Summary
In State v. Ware, 678 S.W.2d 863 (Mo.App. 1984) this court found an armed defendant's oral demand that a victim remove her pants and an unsuccessful attempt to pull up her sweatshirt sufficient to sustain a conviction of attempted rape.
Summary of this case from State v. DuckettOpinion
No. 48111.
August 21, 1984. Motion for Rehearing and/or Transfer to Supreme Court Denied September 28, 1984. Application to Transfer Denied November 20, 1984.
APPEAL FROM THE CIRCUIT COURT, CITY OF ST. LOUIS, JACK L. KOEHR, J.
Debra Buie Arnold, St. Louis, for appellant.
John Ashcroft, Atty. Gen., John M. Morris, Asst. Atty. Gen., Jefferson City, for respondent.
Appellant Donald Ware was convicted by a jury of two counts of robbery in the first degree, § 569.020 RSMo 1978, two counts of kidnapping, § 565.110 RSMo 1978, and one count of attempt to commit forcible rape, § 564.011 RSMo 1978 and § 566.030 RSMo Supp. 1982. The court sentenced appellant to a total of forty years' imprisonment. He received ten-year terms for each of the five counts, but one of the kidnapping sentences is to be served concurrently; the other four sentences are to be served consecutively. The sole issue raised on appeal concerns the attempted rape charge. We affirm.

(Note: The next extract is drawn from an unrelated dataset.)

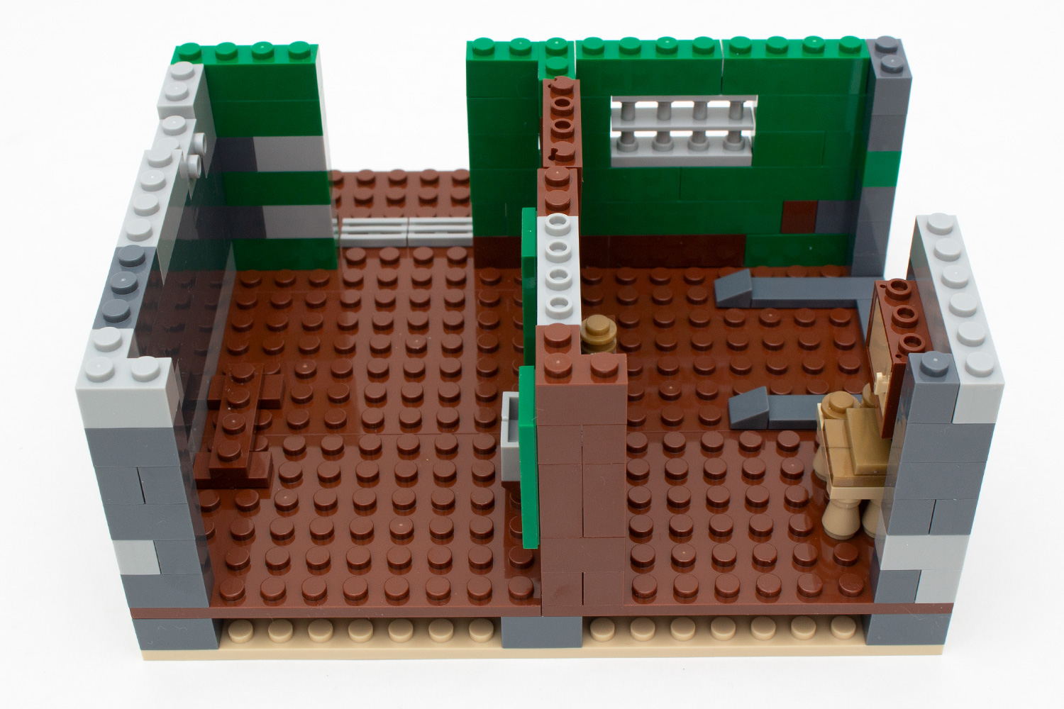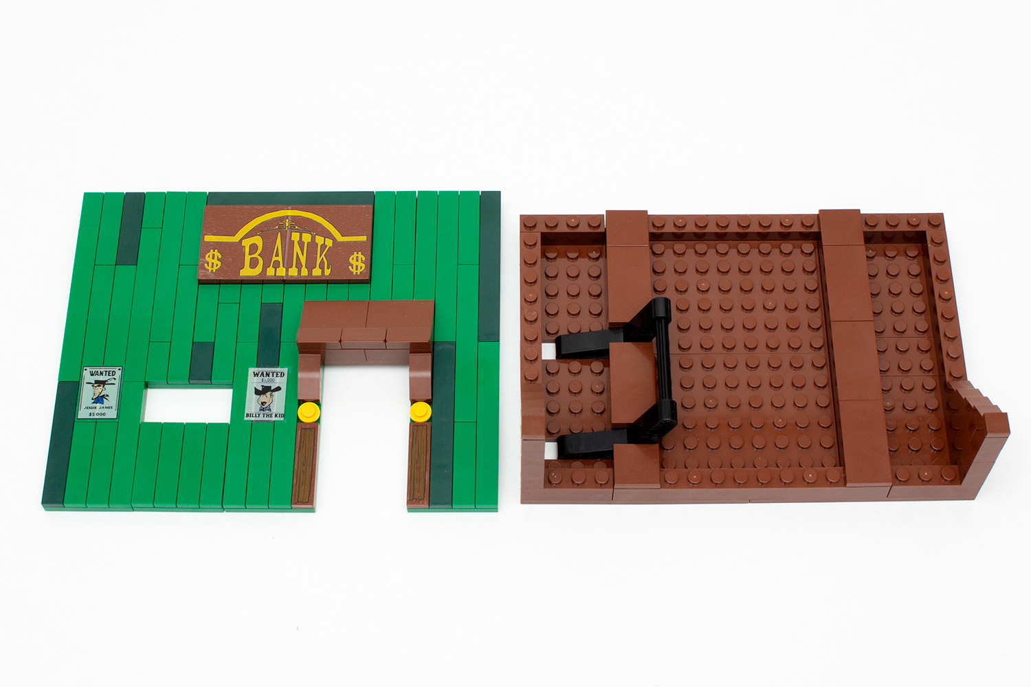 Die um ihre Einnahmen erleichterte Bank wird auf einer Grundplatte mit 20 × 20 Noppen gebaut, was in ungefähr auch die spätere Größe erahnen lässt. Zuerst wird der Boden um eine Steineeinheit erhöht, um das für Häuser des „Wilden Westens“ gewohnte Erscheinungsbild zu schaffen. Direkt danach wird mit dem Bau der Wände begonnen.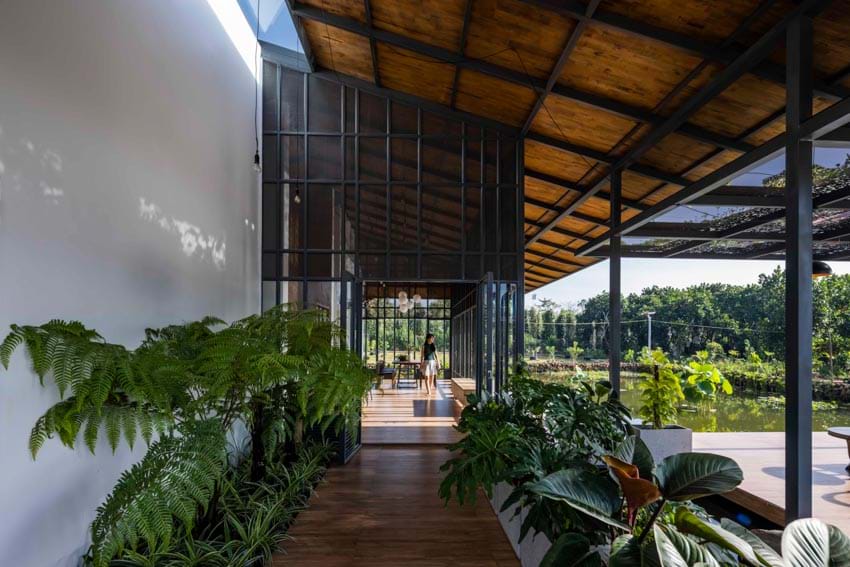 Hệ vách bao che của khu vực sinh hoạt chung sử dụng tổ hợp lưới sắt đột lỗ, khung thép và kính, giúp lấy gió, lấy sáng tự nhiên đồng thời vẫn giữ trọn tầm nhìn ra cảnh quan xung quanh. Mái nhà vươn dài về phía hồ nhằm giảm tác động của ánh nắng lên các mảng kính.

Since the appeal concerns only the attempted rape charge, we will mention only the facts that are pertinent to that charge. The events occurred during the early morning hours of November 18, 1982. Appellant, while in the possession of a gun, demanded that the victim get into an automobile with him. While inside the automobile, appellant demanded that the victim remove her pants. The victim asked if appellant intended to rape her. Appellant merely repeated his demand in response to the victim's question. The victim indicated to the appellant that she was menstruating. Appellant then grabbed the victim's sweatshirt in an attempt to pull it up. He was unsuccessful. The victim had pinned her sweatshirt to her blue jeans so that her shirt would not pull out of her pants while she was ice skating, which she had done earlier that night. The appellant released the victim shortly thereafter.
Appellant asserts that the trial court erred in overruling appellant's motion for acquittal because the evidence did not indicate a specific intent to have sexual intercourse by forcible compulsion. As such, appellant argues that he did not take a "substantial step" toward the commission of the crime of rape. See § 564.011(1) RSMo 1978. We disagree.
Specific intent to engage in sexual intercourse without consent is an essential element of the crime of attempted rape. See State v. Selle, 367 S.W.2d 522, 527 (Mo. 1963). It is the unusual situation when there is direct evidence of the intent of a person charged with attempted rape. State v. Roden, 674 S.W.2d 50,53 (Mo.App. 1984). Intent may and generally must be established by circumstantial evidence, for as a rule it is not susceptible of direct proof. State v. Petrechko, 486 S.W.2d 217, 218 (Mo. 1972). The evidence need not establish the intent as a matter of law; it is sufficient that it authorizes such a finding by a jury. State v. Roden, supra at 53.
From the evidence adduced at trial, a jury could have reasonably believed that appellant intended to rape the victim. The victim testified that appellant was in possession of a gun at all times during the ordeal. She also testified that appellant twice ordered her to remove her pants. Furthermore, appellant attempted to pull up the victim's sweatshirt. The facts in the case at hand are indicative of an intent to engage in sexual intercourse. See State v. Selle, supra.
The modern trend as recognized by State v. Roden, supra at 53, is to infer an intent to rape from an assailant's actions. The court there cites cases from other jurisdictions which support the trend. This court, therefore, finds that the evidence in the instant case establishes appellant's intent to engage in sexual intercourse with the victim.
As such, appellant's actions constituted a "substantial step" toward the commission of the crime of rape.
Judgment affirmed.
REINHARD, C.J., and CRIST, J., concur.